Input »
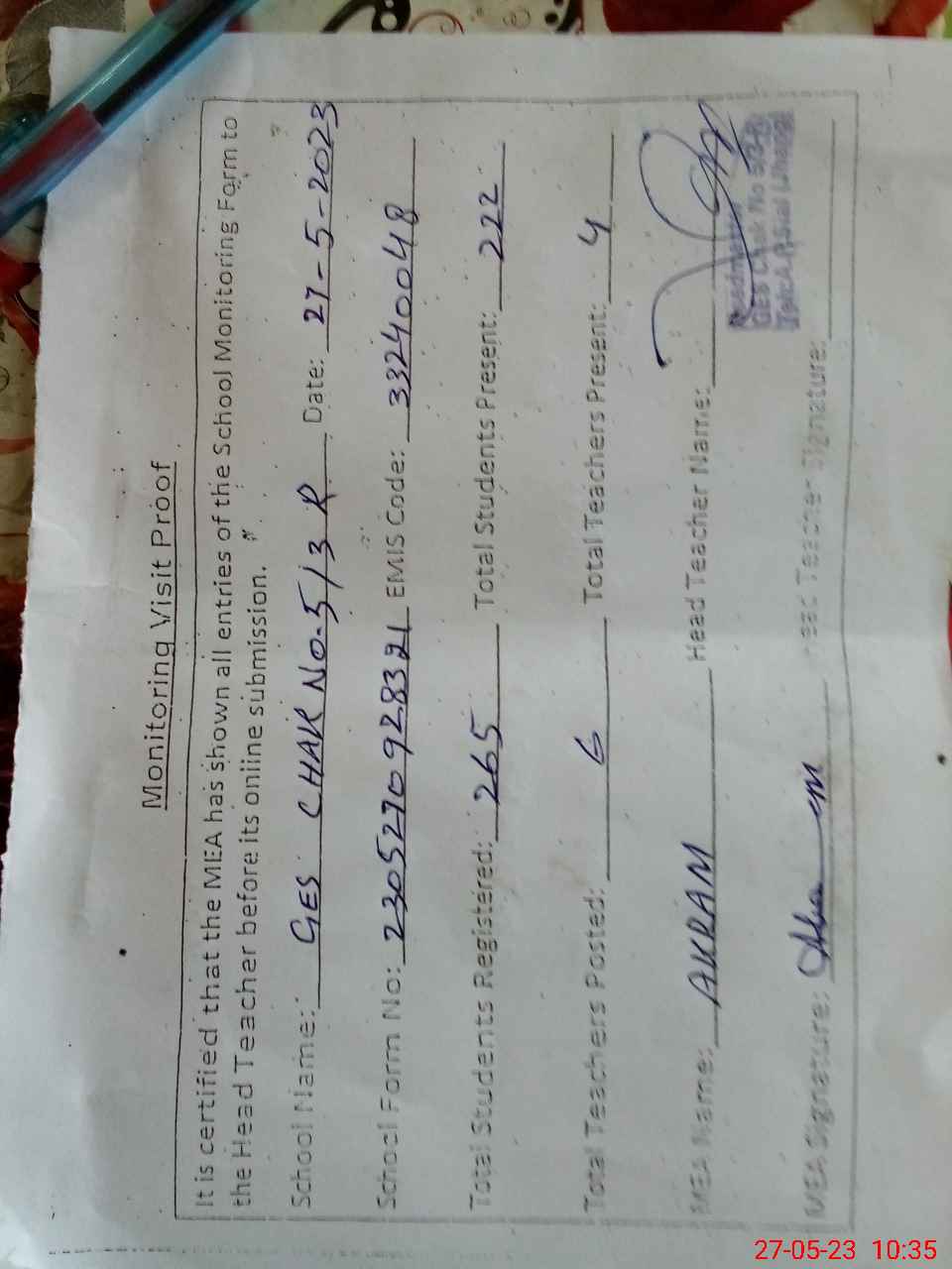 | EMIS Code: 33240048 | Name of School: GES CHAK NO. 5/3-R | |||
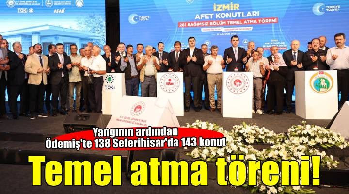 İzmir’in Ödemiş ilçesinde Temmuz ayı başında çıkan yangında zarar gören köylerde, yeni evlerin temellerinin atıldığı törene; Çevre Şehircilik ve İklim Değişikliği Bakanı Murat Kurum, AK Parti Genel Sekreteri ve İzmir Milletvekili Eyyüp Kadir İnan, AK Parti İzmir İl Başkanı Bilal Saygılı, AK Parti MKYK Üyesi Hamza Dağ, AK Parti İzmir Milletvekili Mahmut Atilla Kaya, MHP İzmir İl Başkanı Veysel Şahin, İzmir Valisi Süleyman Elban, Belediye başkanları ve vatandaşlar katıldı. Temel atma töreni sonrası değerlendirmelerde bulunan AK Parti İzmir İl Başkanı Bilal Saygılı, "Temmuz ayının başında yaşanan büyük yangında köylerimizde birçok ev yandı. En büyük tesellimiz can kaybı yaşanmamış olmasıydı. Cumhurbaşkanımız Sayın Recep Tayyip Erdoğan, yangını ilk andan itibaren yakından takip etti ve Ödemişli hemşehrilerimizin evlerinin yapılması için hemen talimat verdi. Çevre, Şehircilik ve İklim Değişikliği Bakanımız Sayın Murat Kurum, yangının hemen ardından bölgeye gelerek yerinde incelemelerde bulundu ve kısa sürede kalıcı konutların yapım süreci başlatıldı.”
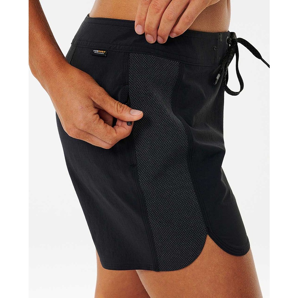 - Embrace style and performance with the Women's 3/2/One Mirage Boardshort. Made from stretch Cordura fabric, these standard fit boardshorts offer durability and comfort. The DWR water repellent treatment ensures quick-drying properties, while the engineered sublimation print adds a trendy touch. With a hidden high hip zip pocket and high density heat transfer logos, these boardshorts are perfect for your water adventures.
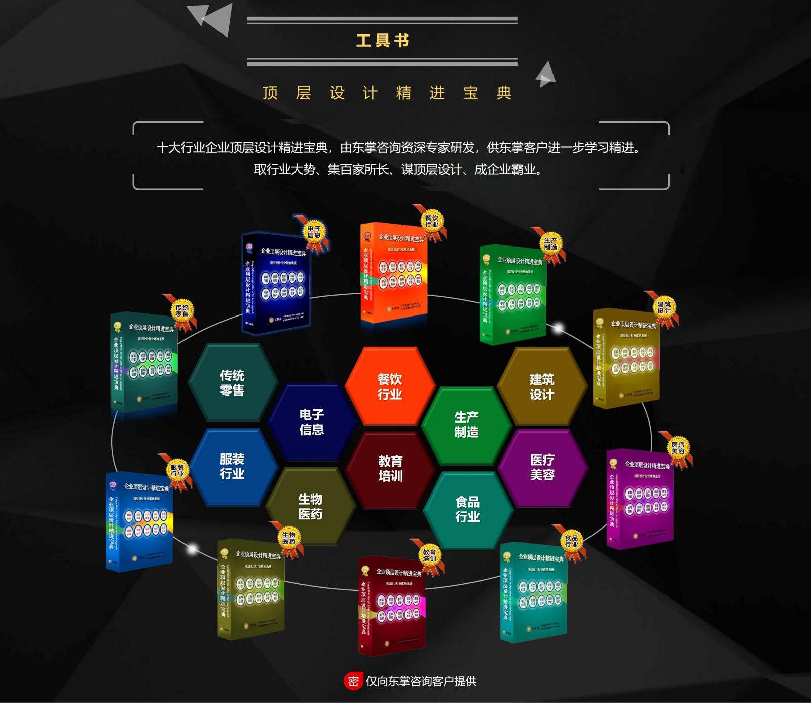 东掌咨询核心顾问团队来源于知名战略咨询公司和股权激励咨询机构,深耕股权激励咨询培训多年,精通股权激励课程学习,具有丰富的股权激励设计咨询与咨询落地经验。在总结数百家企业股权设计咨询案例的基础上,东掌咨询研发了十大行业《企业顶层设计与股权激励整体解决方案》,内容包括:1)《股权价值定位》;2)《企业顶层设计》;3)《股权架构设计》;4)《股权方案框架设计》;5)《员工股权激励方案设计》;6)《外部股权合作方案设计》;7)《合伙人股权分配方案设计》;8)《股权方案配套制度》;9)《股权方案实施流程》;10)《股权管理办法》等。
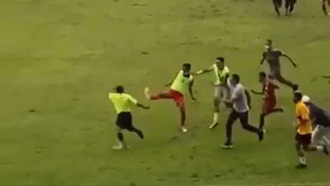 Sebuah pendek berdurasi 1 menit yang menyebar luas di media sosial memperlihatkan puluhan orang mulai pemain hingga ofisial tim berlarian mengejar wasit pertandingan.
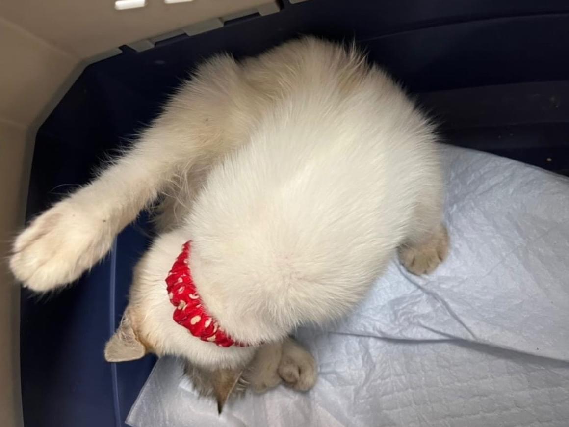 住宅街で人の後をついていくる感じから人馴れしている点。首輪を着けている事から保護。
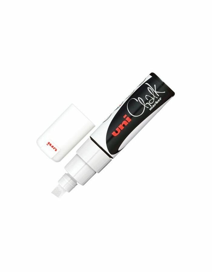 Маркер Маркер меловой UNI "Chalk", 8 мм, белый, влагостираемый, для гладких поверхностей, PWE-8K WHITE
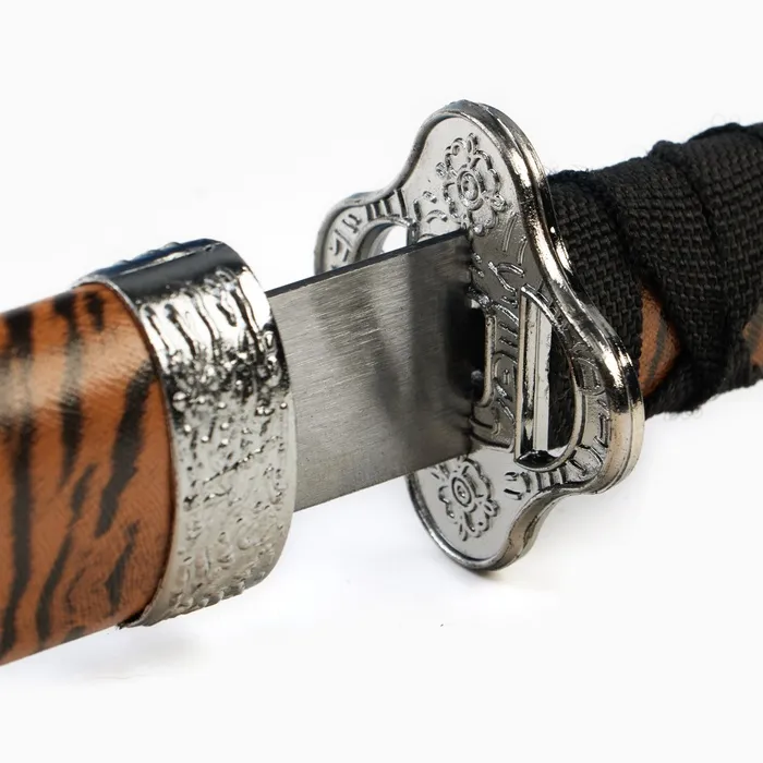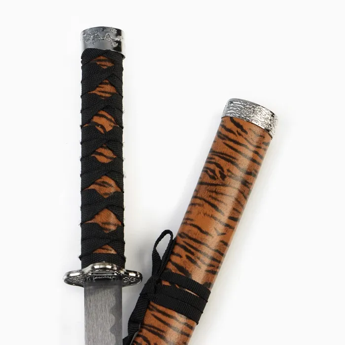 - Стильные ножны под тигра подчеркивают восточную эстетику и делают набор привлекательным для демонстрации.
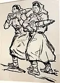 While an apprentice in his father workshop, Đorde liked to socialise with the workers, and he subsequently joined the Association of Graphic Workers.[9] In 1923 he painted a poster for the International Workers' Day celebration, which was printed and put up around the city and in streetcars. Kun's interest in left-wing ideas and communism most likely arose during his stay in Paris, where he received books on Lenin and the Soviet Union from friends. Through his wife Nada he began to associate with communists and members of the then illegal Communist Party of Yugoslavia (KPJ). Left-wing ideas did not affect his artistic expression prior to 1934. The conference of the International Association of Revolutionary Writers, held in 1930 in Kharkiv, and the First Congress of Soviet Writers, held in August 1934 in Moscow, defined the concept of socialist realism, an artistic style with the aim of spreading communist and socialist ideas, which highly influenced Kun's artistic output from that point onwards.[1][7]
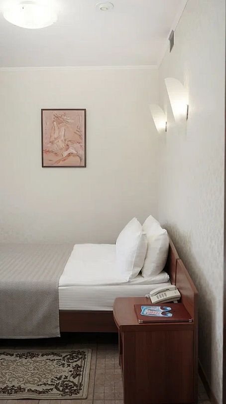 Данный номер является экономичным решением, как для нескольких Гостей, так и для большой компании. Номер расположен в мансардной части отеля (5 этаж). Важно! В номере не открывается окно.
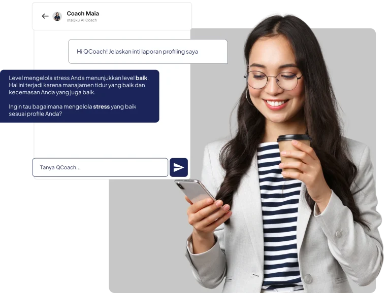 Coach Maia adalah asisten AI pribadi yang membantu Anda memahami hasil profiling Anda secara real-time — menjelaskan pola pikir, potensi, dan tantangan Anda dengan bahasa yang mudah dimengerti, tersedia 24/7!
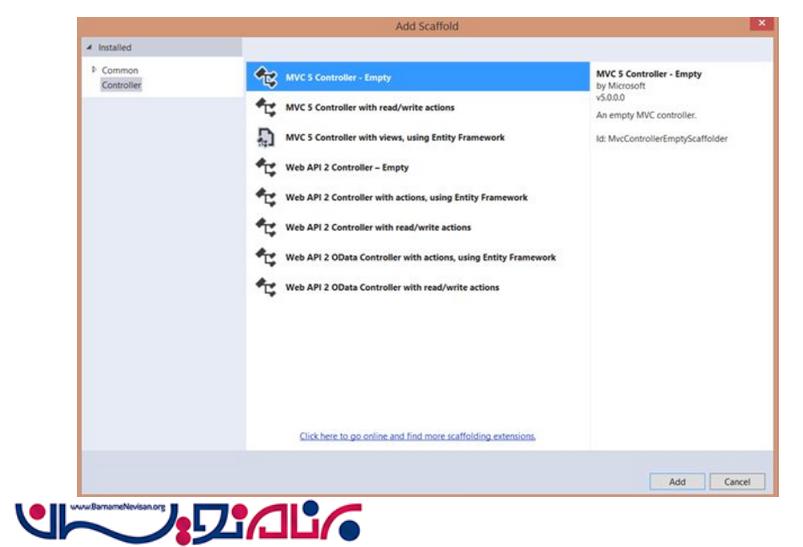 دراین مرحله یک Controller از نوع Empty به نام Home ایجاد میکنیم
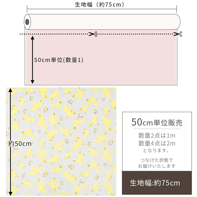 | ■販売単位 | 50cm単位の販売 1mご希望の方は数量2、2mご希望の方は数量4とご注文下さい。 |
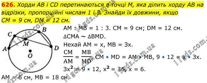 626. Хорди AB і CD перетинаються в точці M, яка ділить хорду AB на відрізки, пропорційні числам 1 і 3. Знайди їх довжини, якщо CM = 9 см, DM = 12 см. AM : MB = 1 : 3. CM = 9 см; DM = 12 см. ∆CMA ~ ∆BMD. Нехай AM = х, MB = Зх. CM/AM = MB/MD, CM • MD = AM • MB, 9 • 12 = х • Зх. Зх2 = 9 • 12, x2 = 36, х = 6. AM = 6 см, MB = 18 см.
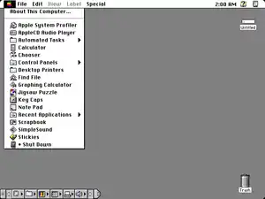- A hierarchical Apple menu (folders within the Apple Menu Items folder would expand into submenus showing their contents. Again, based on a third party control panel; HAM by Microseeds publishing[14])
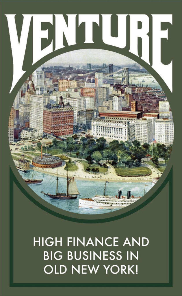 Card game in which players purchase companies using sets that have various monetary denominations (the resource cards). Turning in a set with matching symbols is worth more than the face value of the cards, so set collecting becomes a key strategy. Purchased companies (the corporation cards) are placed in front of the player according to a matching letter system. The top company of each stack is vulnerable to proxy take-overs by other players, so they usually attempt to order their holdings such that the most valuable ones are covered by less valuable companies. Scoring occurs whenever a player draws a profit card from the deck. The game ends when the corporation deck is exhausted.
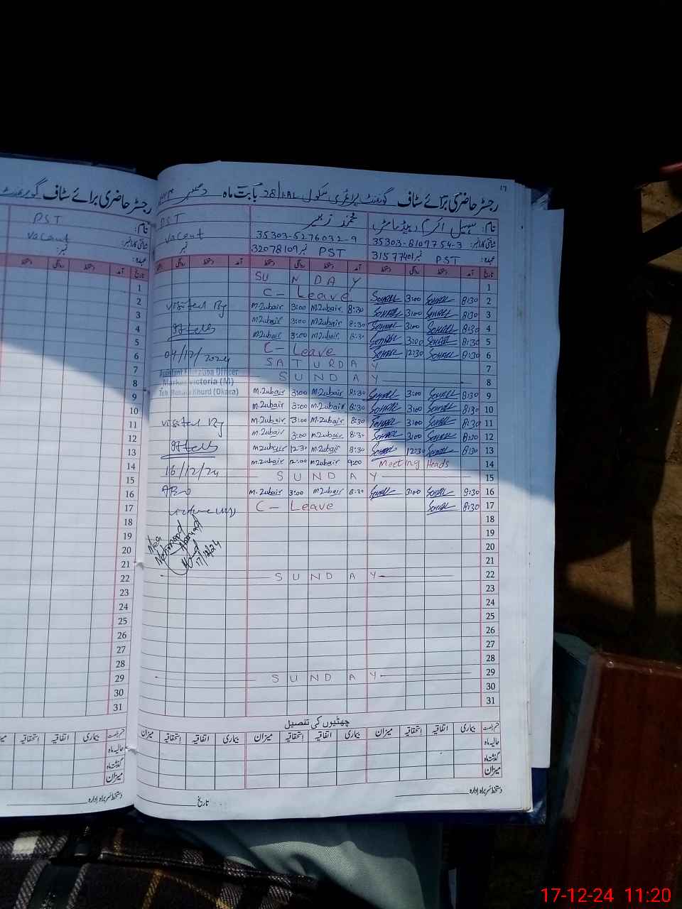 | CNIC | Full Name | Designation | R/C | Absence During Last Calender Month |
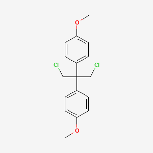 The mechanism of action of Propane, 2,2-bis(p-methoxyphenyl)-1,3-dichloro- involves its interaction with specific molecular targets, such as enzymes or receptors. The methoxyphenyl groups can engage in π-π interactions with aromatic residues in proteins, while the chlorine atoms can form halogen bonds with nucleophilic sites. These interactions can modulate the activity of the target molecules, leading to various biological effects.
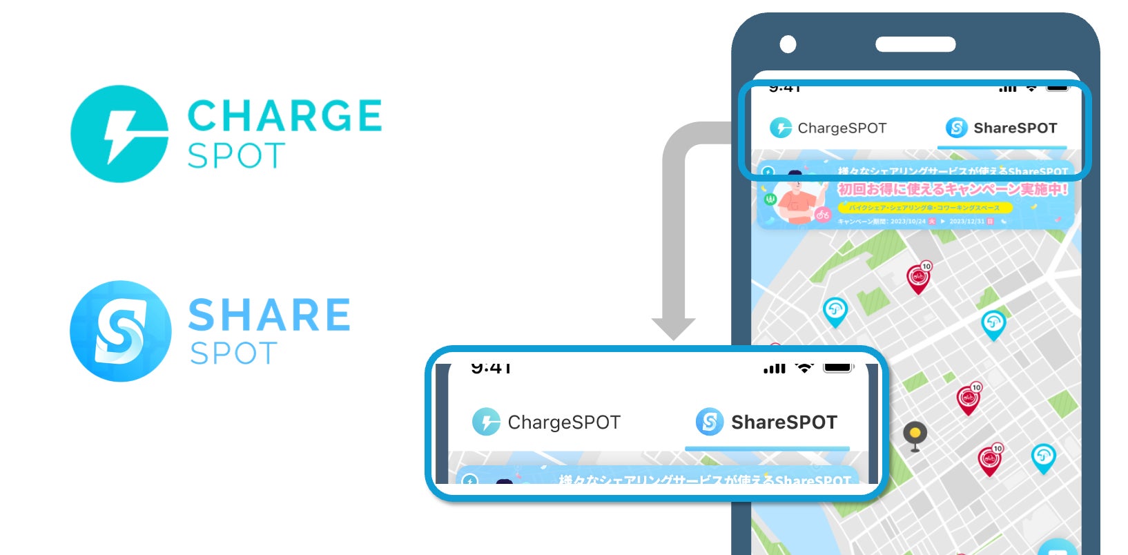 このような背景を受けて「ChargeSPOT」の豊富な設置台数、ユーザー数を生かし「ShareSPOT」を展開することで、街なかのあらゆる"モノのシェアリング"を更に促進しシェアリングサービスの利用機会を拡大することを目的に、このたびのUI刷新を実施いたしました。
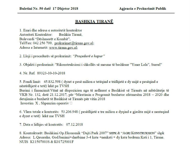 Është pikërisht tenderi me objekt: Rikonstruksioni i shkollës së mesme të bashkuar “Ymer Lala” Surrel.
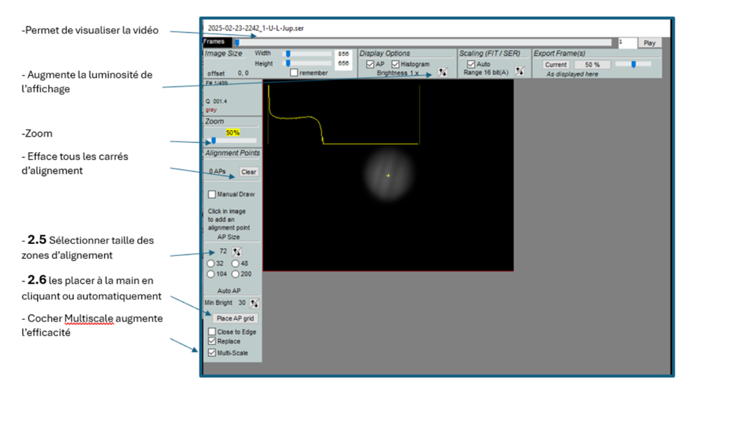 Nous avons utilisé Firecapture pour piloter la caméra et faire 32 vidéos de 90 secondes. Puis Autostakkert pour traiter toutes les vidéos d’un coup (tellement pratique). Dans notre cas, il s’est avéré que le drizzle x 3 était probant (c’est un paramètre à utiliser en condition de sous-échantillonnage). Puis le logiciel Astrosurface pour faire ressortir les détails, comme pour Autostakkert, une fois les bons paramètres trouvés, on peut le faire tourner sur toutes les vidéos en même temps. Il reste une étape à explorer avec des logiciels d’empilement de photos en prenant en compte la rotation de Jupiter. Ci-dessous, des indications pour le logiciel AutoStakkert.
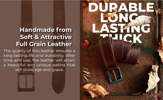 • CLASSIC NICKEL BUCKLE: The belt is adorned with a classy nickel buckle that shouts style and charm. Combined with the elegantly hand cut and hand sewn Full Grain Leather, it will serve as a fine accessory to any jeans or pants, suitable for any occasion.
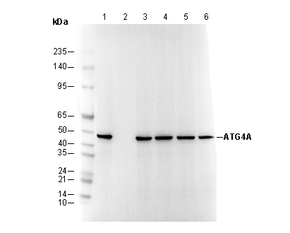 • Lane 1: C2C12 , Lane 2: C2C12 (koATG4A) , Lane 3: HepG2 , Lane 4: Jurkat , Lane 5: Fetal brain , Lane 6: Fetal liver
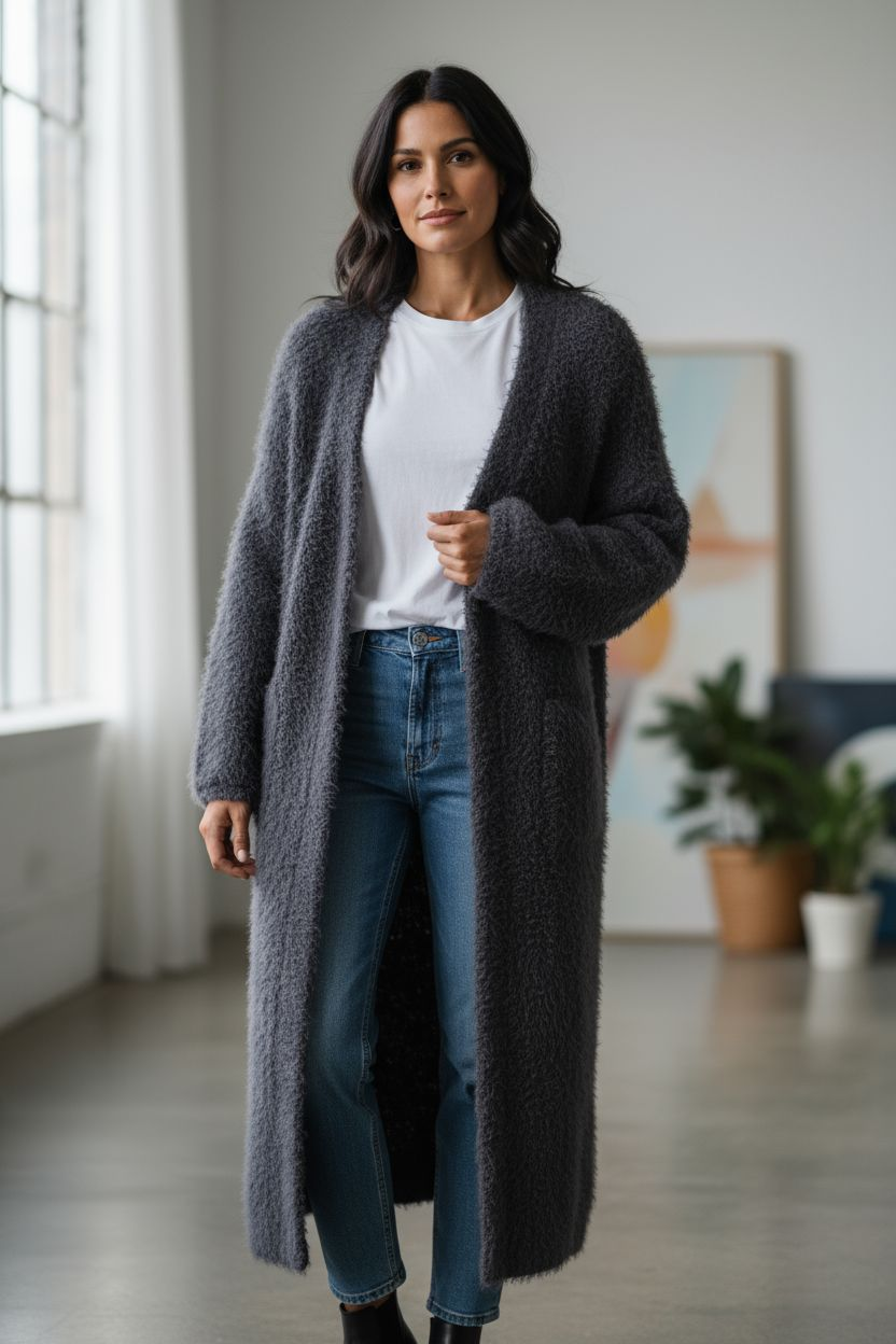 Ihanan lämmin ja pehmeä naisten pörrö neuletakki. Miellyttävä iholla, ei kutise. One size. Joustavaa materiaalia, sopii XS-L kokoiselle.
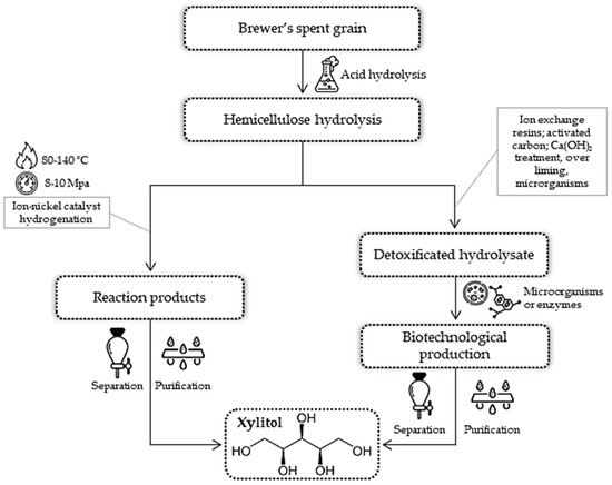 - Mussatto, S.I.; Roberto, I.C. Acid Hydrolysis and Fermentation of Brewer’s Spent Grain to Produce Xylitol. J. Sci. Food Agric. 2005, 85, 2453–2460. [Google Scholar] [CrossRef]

Task to carry out » Within the listing above, write out the stretch from the line with "While an apprentice" through the line with "Данный номер является" exactly. Any pictures are to be left out.

Your solution »
 While an apprentice in his father workshop, Đorde liked to socialise with the workers, and he subsequently joined the Association of Graphic Workers.[9] In 1923 he painted a poster for the International Workers' Day celebration, which was printed and put up around the city and in streetcars. Kun's interest in left-wing ideas and communism most likely arose during his stay in Paris, where he received books on Lenin and the Soviet Union from friends. Through his wife Nada he began to associate with communists and members of the then illegal Communist Party of Yugoslavia (KPJ). Left-wing ideas did not affect his artistic expression prior to 1934. The conference of the International Association of Revolutionary Writers, held in 1930 in Kharkiv, and the First Congress of Soviet Writers, held in August 1934 in Moscow, defined the concept of socialist realism, an artistic style with the aim of spreading communist and socialist ideas, which highly influenced Kun's artistic output from that point onwards.[1][7]
 Данный номер является экономичным решением, как для нескольких Гостей, так и для большой компании. Номер расположен в мансардной части отеля (5 этаж). Важно! В номере не открывается окно.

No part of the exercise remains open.